### Task
Going through the material below, output exactly the lines from the one containing "本文关于时代楷模·2018——王逸平的简介就讲解完毕,希望对大家有所帮助。" through the one containing "Yıldırım Belediyesi’nin topladığı", and no pictures.

### Excerpted data
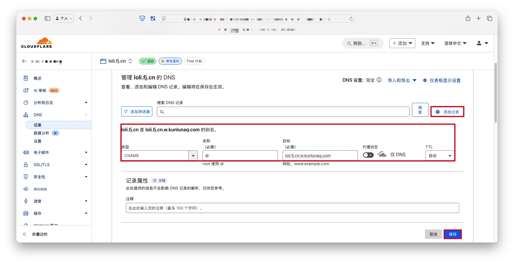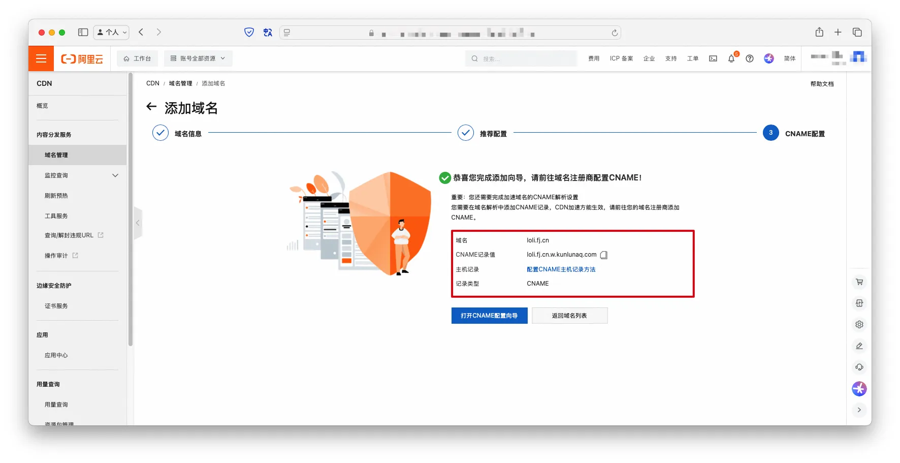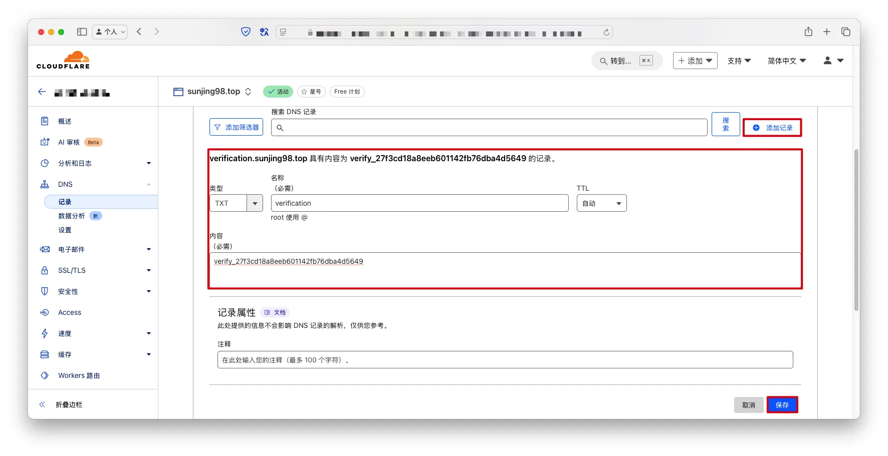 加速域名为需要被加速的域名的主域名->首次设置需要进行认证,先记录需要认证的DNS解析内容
==
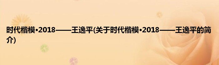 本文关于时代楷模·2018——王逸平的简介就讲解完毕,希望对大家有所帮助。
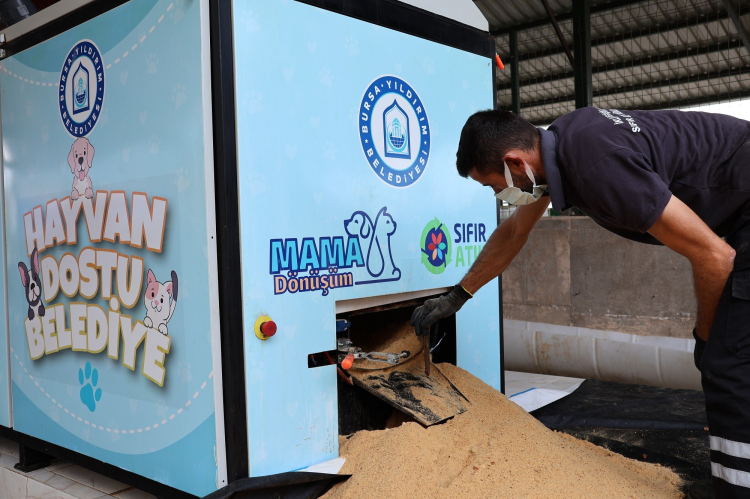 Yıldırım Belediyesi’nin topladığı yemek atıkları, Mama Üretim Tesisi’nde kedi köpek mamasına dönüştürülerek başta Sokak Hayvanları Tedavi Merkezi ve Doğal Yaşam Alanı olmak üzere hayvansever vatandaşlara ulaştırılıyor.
...
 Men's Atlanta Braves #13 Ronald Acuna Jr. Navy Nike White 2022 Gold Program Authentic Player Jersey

### Output of the exercise
 本文关于时代楷模·2018——王逸平的简介就讲解完毕,希望对大家有所帮助。
 Yıldırım Belediyesi’nin topladığı yemek atıkları, Mama Üretim Tesisi’nde kedi köpek mamasına dönüştürülerek başta Sokak Hayvanları Tedavi Merkezi ve Doğal Yaşam Alanı olmak üzere hayvansever vatandaşlara ulaştırılıyor.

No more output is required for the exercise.